Despite the popularity of MOOCs in higher education, there is precious little data on them. Stories of success and failure are almost universally anecdotal, with some statistics coming from MOOC platforms like Coursera and Udacity. To that end, the Bill & Melinda Gates Foundation has donated $1.4 million to nonprofit research group Ithaka S+R to conduct a “multicampus study of MOOCs” as part of a traditional college education:
“Ithaka S+R will monitor, assess, and document lessons learned from these implementations,” [Gates Foundation spokeswoman Debbie Robinson] continued. “Rigorous assessment of how students fared using these technologies will hopefully help reassure those concerned about educational quality, while documentation of obstacles encountered and overcome will help those struggling with implementation.”
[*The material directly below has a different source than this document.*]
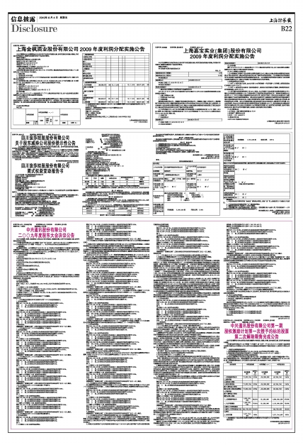 七、实施送转股方案后,按新股本438,671,492股摊薄计算的2009年度每股收益为0.33元。

One of the most important questions Ithaka hopes to answer is whether MOOCs might enable universities to maintain or improve the quality of their courses while reducing the per-student cost of teaching them, said Kevin Guthrie, the president of Ithaka, in an interview.
Read Assessing Campus MOOCs on Inside Higher Ed.
Studies like this could define public perception of MOOCs and will certainly increase the depth of our knowledge on the topic. The Ithaka study will take about 18 months to complete. In the meantime, we’ve compiled 11 interesting statistics about MOOCs:$60 million Amount invested by Harvard and MIT to launch edX (Source) $21.1 million Venture capital funding that Udacity has raised (Source) 1.7 million Students who have registered for a Coursera class (Source) 370,000 Number of students who registered for edX courses in fall 2012 (Source) 150,000:1 The student-to-professor ratio in a fall 2011 Udacity class (Source) 98% The percentage of professors that Udacity rejects (Source) 38.5% The percentage of free online classes that are taught from the United States (Source) 33 Universities that have partnered with Coursera (Source) 27% Percentage of MOOCs that focus on computer science (Source) 6%–15% Percentage of gross revenue that Coursera pays to a partner university (Source) 5% The pass rate in MITX’s only massive open online course (Source)
Do you think MOOCs will supplement or supplant higher education? Read more here.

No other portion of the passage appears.